GIVEN RECORDS section start

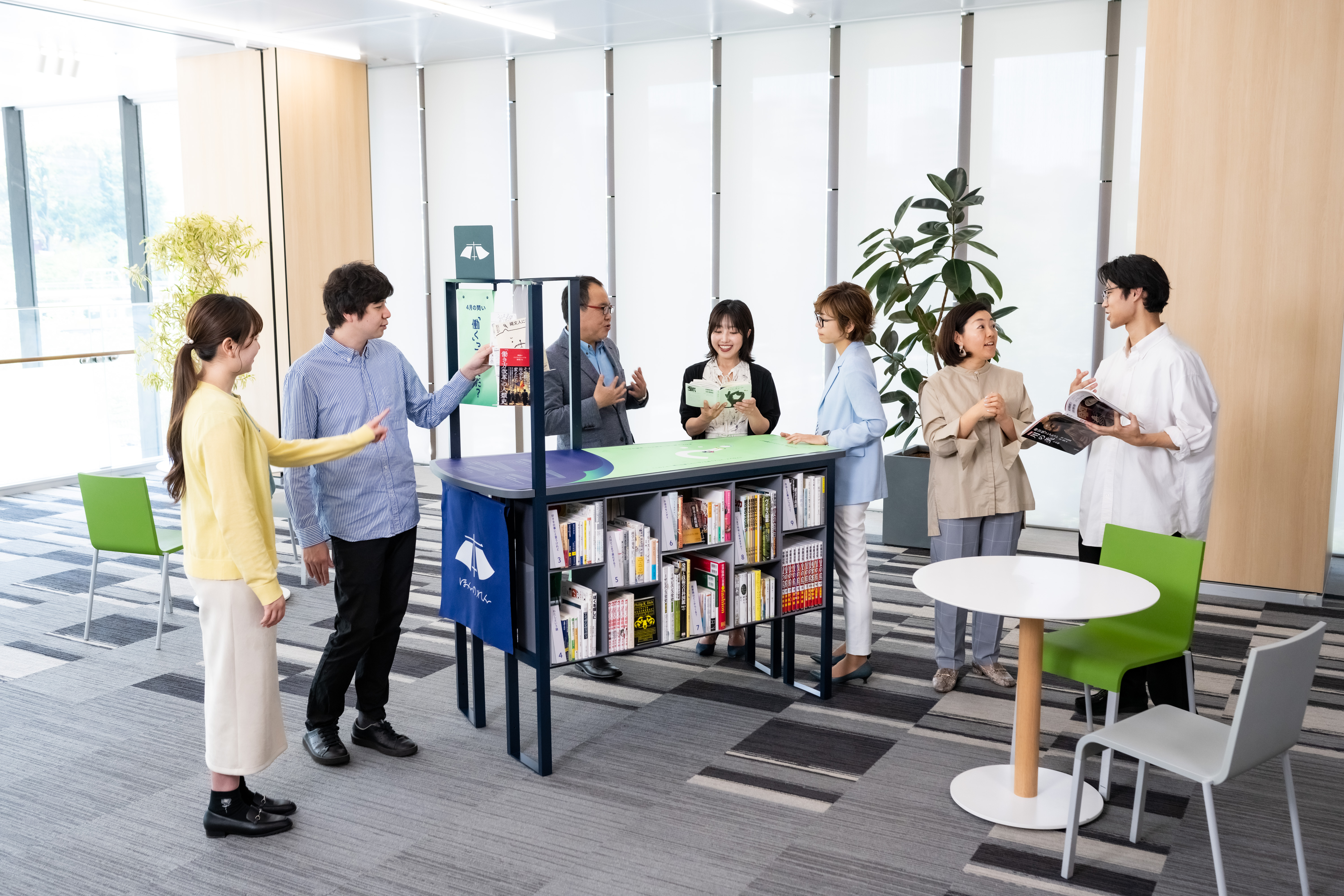 「ほんのれん」オリジナルの本棚や展示ツール(どちらもオプションメニュー)も。オフィス内の空間活用やコミュニケーション活性化目的でも「他に類のないサービス」と好評です。
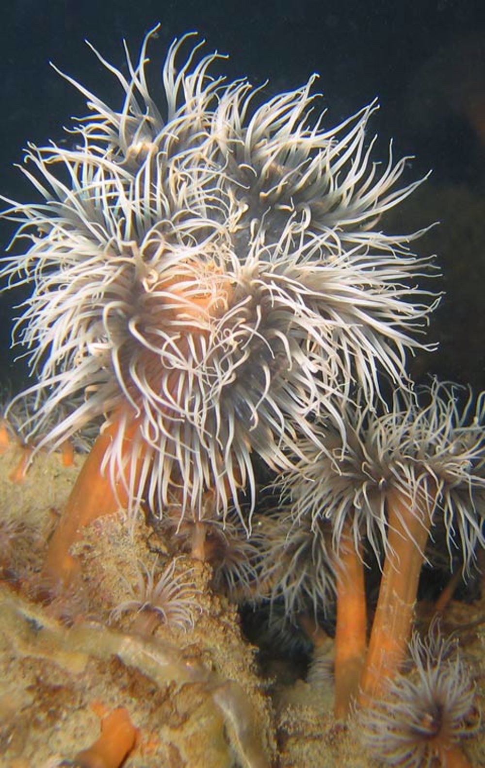 - Zeeanjelier, bloemdier, dodemansduim, geweispons, pauwenstaart-viltkokerworm, tubularia (poliep), krab
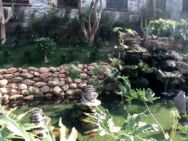 一楼的鱼池有鱼和石头青蛙,我和儿子一起买扔硬币给石头青蛙。摆档卖的硬币十个10元。
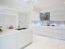 If the tile in the kitchen has a shade, then An important condition is its harmonious combination with furniture and other finishes. The tile of pure white color is combined with any colors, and the bright furniture and decor will look great on its background. Exquisitely looks in the kitchen embossed version of ceramics.
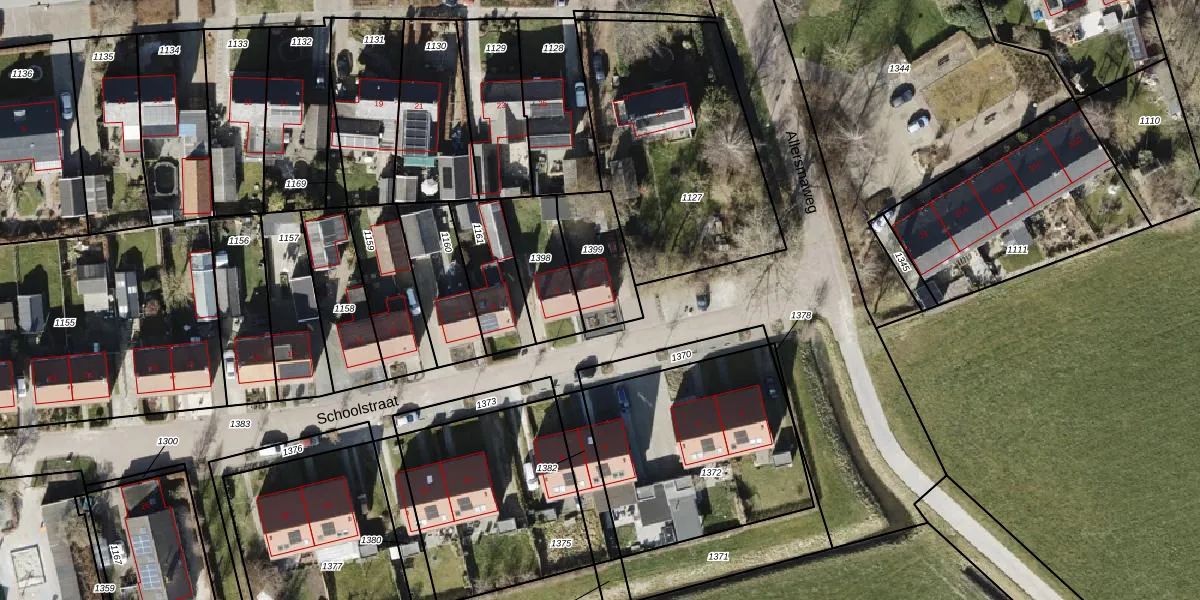 Het perceel waarop Schoolstraat 1 staat heeft een oppervlakte van 222 m². Dit is een middelgroot perceel. De perceeloppervlakte wordt geregistreerd door het Kadaster. Gedetailleerde informatie over de maten van dit perceel kunt u vinden in het rapport Kadastrale kaart met maatvoering van Schoolstraat 1.
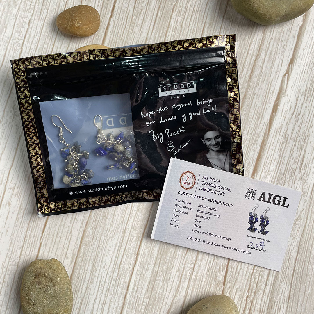 Perfect for adding an enchanting twist to any outfit, these earrings dangle gracefully, catching the light and adding a whimsical flair. Whether you're dressing up for a special occasion or simply want to infuse your everyday style with a bit of magic, these lapis lazuli beauties are sure to make you feel like you're wearing a piece of the cosmos.
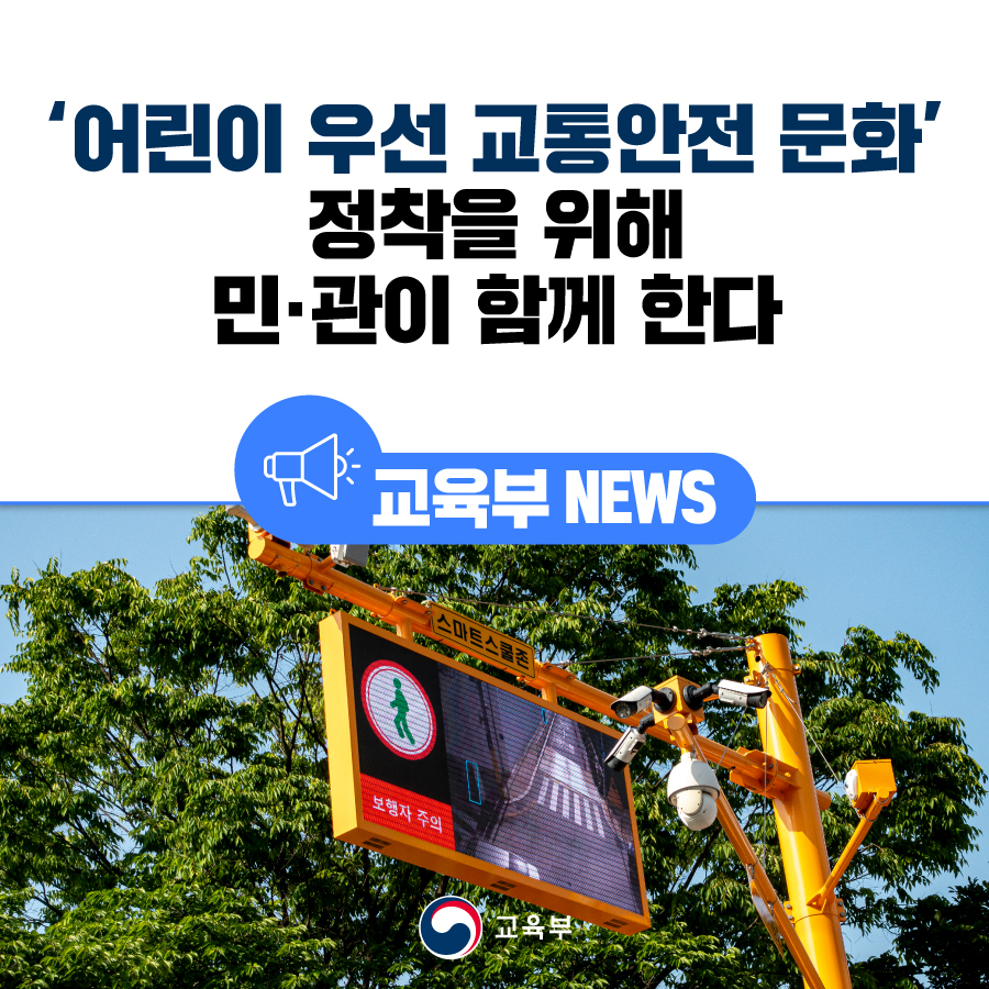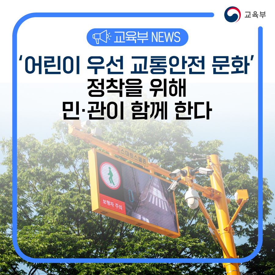 정부는 어린이 보호구역 내 어린이 교통사고를 근본적으로 예방하기 위해 고질적인 안전무시 관행 근절과 어린이 우선 교통문화 정착을 목표로 오늘 업무협약과 같이 민간 등 여러기관과 홍보수단들을 연계하여 어린이 교통안전에 대한 국민적 공감대를 확산해 나갈 계획이다.
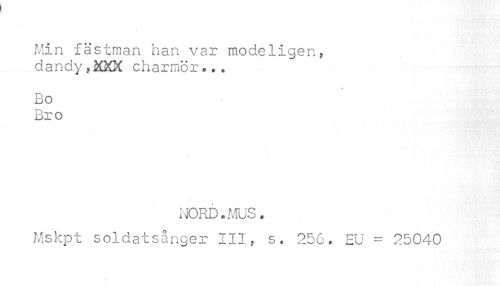 //// Min fästman han var modeligen, dandy*iSQÖf charmör*., //// Bo Bro //// NORD.MUS. //// Mskpt soldatsånger III, s. 256. EU = 25040 ////
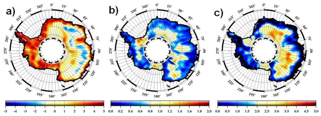 Balance velocity (Figure 9) is lower than 1 m/yr near the dome and reaches 100 m/yr near the coast [85,86]. It is clear that ice flow divergence and convergence are controlled by the surface topography that plays a significant role in ice flow. One can observe fast flowlines or ice streams, with tributaries networks, whose effects are felt until several hundred of kilometres inside the continent. Indeed, 80% of the continent is found to be drained by only 20% of the coast. It is probably one of the major discoveries provided by altimetry for Antarctica. Indeed, this irregular flow distribution/ice flow network gets important consequences concerning ice sheet behaviour regarding to climate change. A fast glacier will respond more quickly to perturbations than a slower one. Also, a perturbation at the coast, for instance a change in the velocity of an outlet glacier, will propagate all along the stream. It then highlights the most sensitive areas of the ice sheet.
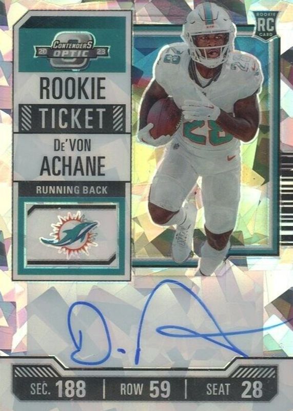 De'Von Achane 2023 Contenders Optic #109 Rookie Ticket Auto - Cracked Ice /22 RAW Price Guide
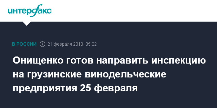 Онищенко готов направить инспекцию на грузинские винодельческие предприятия 25 февраля
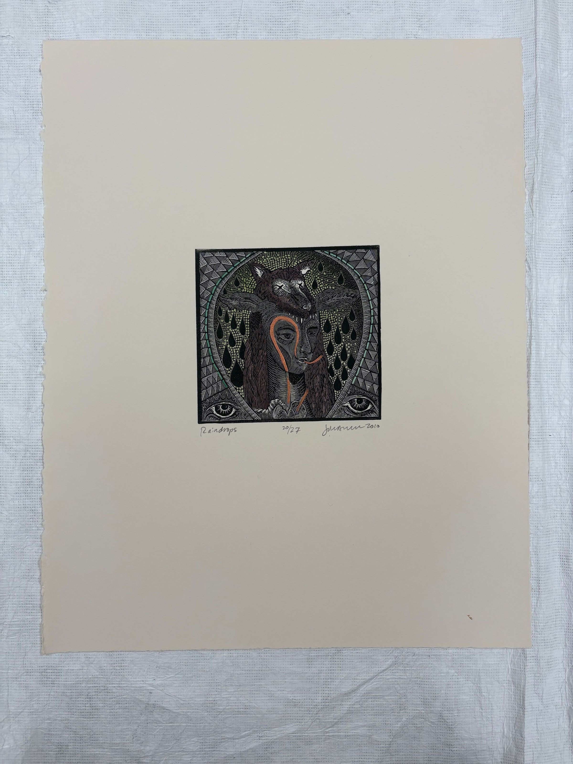 A small print on a medium size piece of paper that is vertically oriented. The print uses colors such as teal, black, orange, brown, to create a central bust that wears an animal skin. This bust has animal like qualities and is surrounded by geometric patterns.Collection
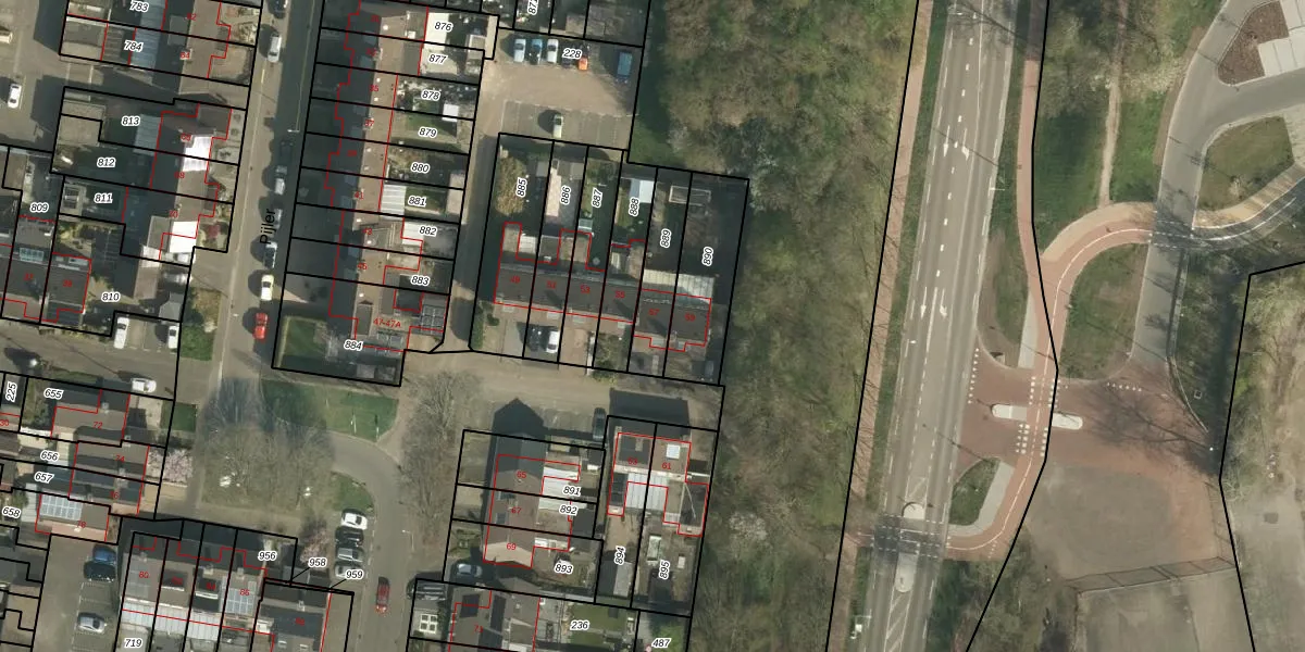 Het perceel waarop Pijler 57 staat heeft een oppervlakte van 173 m². Dit is een middelgroot perceel. De perceeloppervlakte wordt geregistreerd door het Kadaster. Gedetailleerde informatie over de maten van dit perceel kunt u vinden in het rapport Kadastrale kaart met maatvoering van Pijler 57.
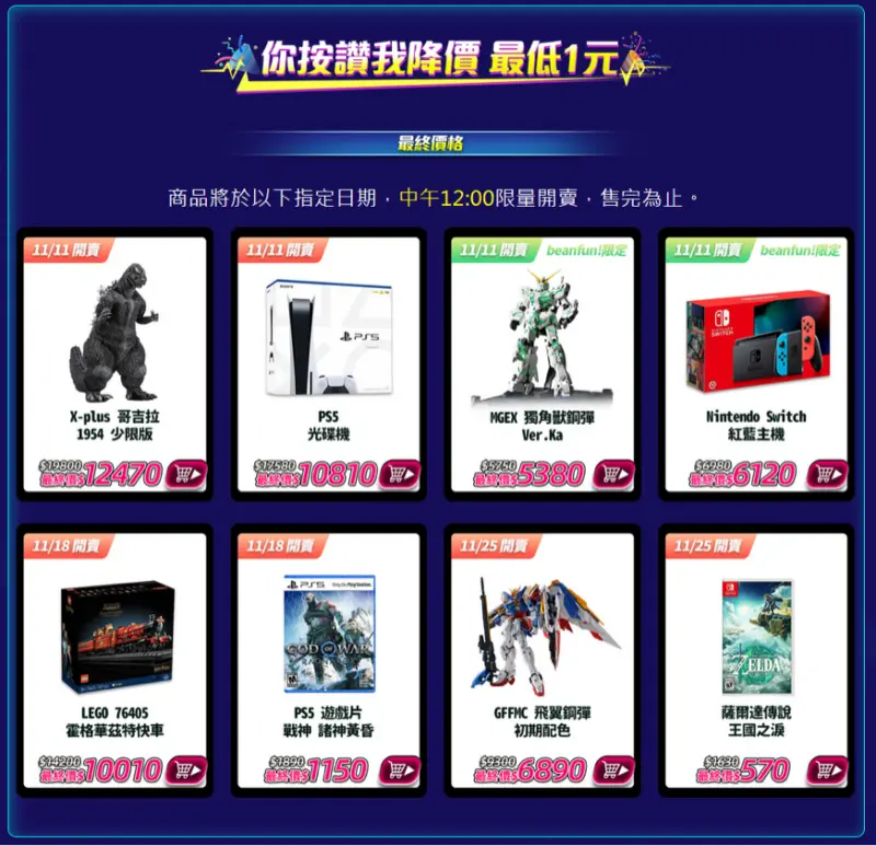 不管你現在想買什麼、不管是不是會對不起錢錢,1111雙11就是買自己喜歡的東西、就是要參加電商平台舉辦的期間限定活動。Gamania 橘子集團旗下有閑購物為了寵愛粉絲,不只推出全新的下殺優惠,更加碼推出「你按讚我降價」活動,PS5主機、巨大哥吉拉賣多少由網友決定!11/11中午限量開搶。![]()
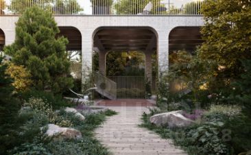 Два корпуса соединяет галерея, которая формирует двухуровневое пространство приватного атриумного двора, обустроенного садом с дорожками из натурального камня, зоной для тренировок на открытом воздухе, местами для отдыха и работы. Под галереей размещена парадная гостиная.
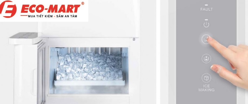 Dung tích hộp chứa đá lớn (1.4kg ≈ 140 viên) giúp bạn có đủ đá viên sử dụng hàng ngày, với tính năng tự động ngưng làm đá khi hộp chứa đầy.

GIVEN RECORDS section end

(TASK GOAL)
Starting at the line with "tubularia (poliep), krab" and finishing at the line with "If the tile", copy the material above exactly, both lines included. Nothing else goes in, and no pictures.

(RESPONSE AREA)
 - Zeeanjelier, bloemdier, dodemansduim, geweispons, pauwenstaart-viltkokerworm, tubularia (poliep), krab
 一楼的鱼池有鱼和石头青蛙,我和儿子一起买扔硬币给石头青蛙。摆档卖的硬币十个10元。
 If the tile in the kitchen has a shade, then An important condition is its harmonious combination with furniture and other finishes. The tile of pure white color is combined with any colors, and the bright furniture and decor will look great on its background. Exquisitely looks in the kitchen embossed version of ceramics.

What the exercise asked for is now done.